Employees Benefits -
i) The Companys Gratuity is Defined Benefit Plan. The
Companys Liability towards Gratuity is determined using the Projected
Unit Credit Method "which recognizes each period of service as giving
rise to additional unit of Employee Benefit Entitlement. The Gratuity
scheme is operated through Group Gratuity Scheme of Life Insurance
Corporation of India.
ii) The liabilities are provided based on Actuarial Valuation certified
by Life Insurance Corporation of India. Actuarial gain and losses are
charged to Profit & Loss Account. .
iii) The Companys Provident Fund Scheme and ESI Plans are defined
Contribution Plans and the Companys Contribution paid / payable is
recognized as expense in the Profit and Loss Account, during-the year
in which the employees render the related service.
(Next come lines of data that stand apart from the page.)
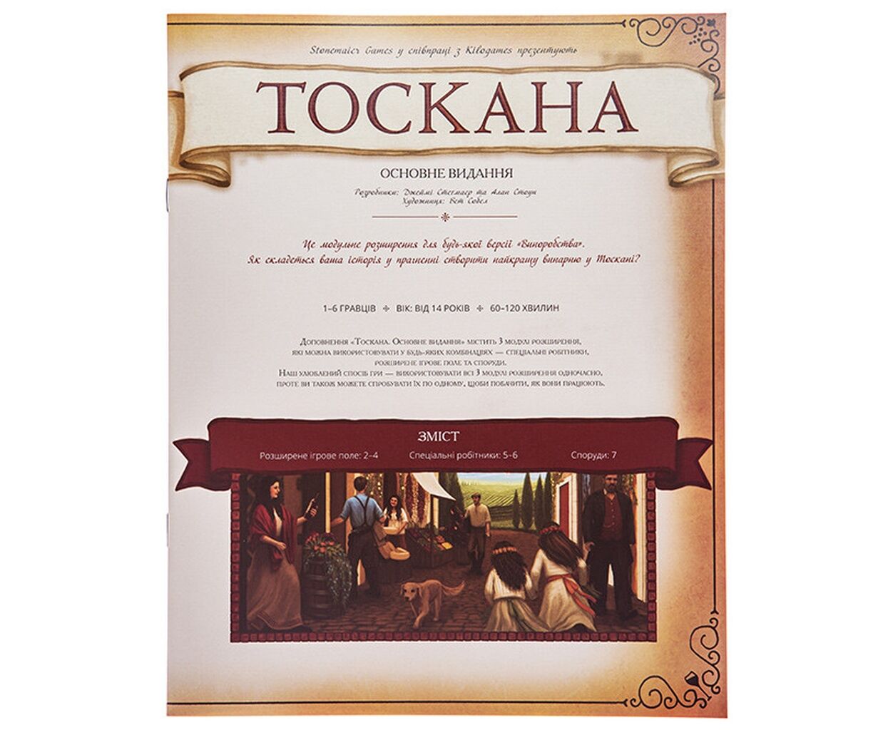 Ця гра, повністю локалізована українською, стане чудовим доповненням до вашої колекції та забезпечить нові захоплюючі ігрові вечори. Відчуйте себе справжнім майстром винороба з доповненням Тоскана!
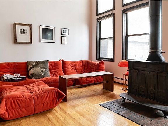 - Features: Wood / Coal / Pellet Stove, Cathedral Ceiling(s), Beamed Ceilings, Flooring - Hardwood, Exterior Access, Open Floorplan, Slider
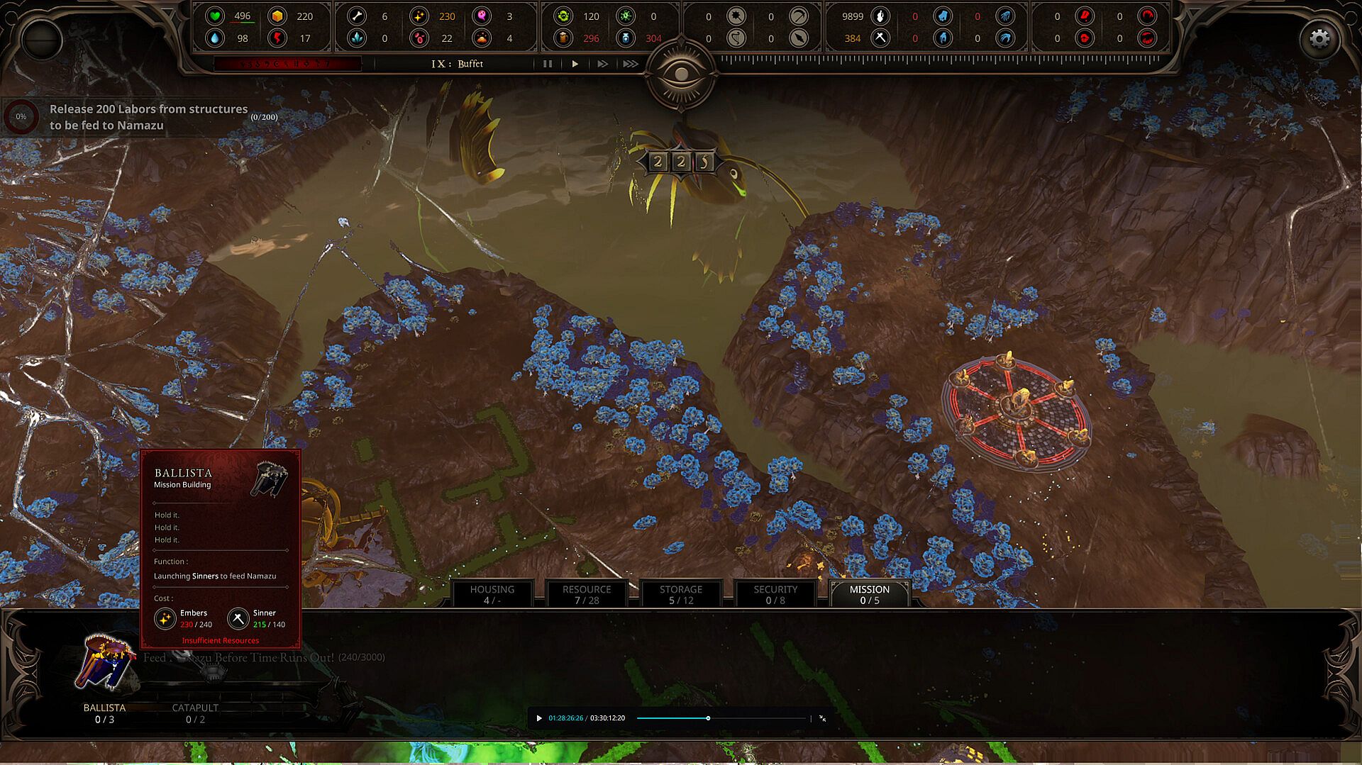 To delay disaster, you must prepare endless offerings of food to drop into the great pit that leads to Namazu’s maw. The more it eats, the calmer the earth remains. But resources are scarce, and the line between feeding the beast and feeding your people grows thinner each day. Crops wilt under pressure, hunger rises among the damned, and soon, your own citizens may turn on each other, forming cults, offering sacrifices, even justifying cannibalism in the name of survival.
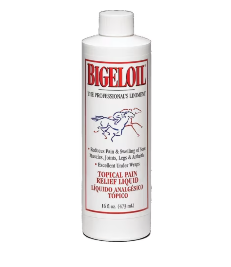 Born on the race track, Bigeloil® Liniment is an invigorating liquid rub that quickly stimulates circulation to help relieve sore muscles, tendons, and joints. Bigeloil® features a pleasant scent and a more moderate sensation than our Absorbine® Veterinary Liniment.
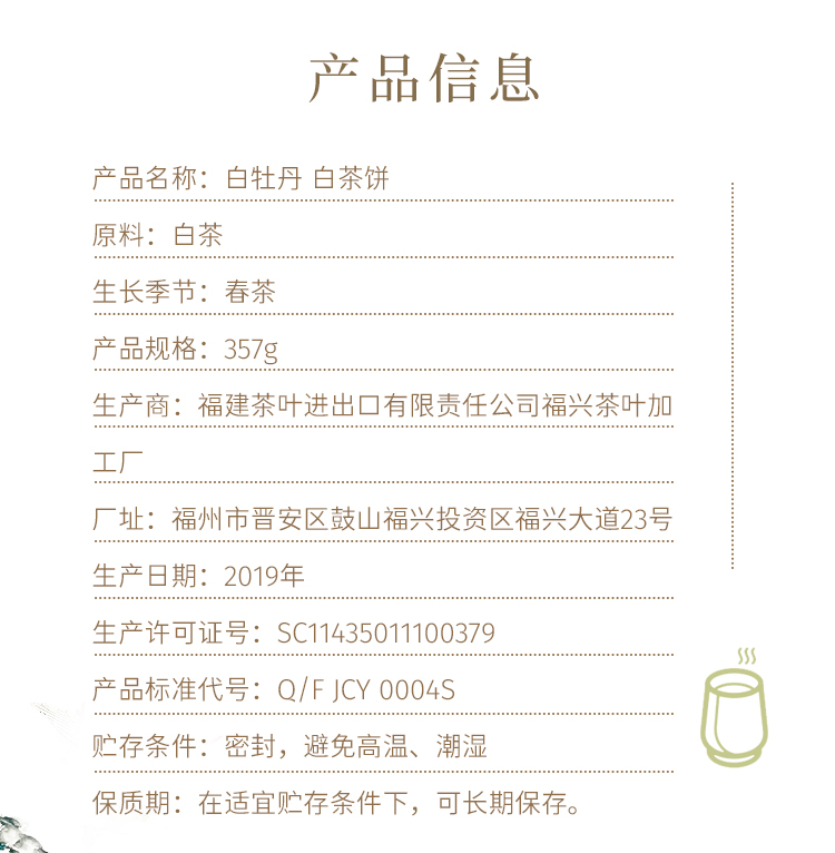 白茶 中茶 2019年白牡丹5911白茶饼 357g

iv) Un-availed leave is encashed at the end of the, year.
Foreign Currency Transactions
The foreign currency transactions are recorded at the exchange rate
prevailing at the time of transactions.
Deferred Tax
i) Current tax is determined as the amount of tax payable in
respect of taxable income for the year.
ii) Deferred tax is recognized on timing difference, being the
difference between taxable income and accounting income that originate
in one year and is reversible in one or more subsequent years.
iii) Deferred tax assets are recognized to the extent there is
certainty of future taxable income will be available for its
realization.
Impairment of Assets
At each Balance Sheet date an assessment is made whether any indication
exists that an asset has been impaired, if any such indication exists,
an impairment loss, if material, i.e. the amount by which the carrying
amount of an asset exceeds its recoverable amount is provided for in
the books of account.
Contingent Liabilities
Contingent liabilities are disclosed in the accounts by way of notes
giving nature and quantum of such liabilities.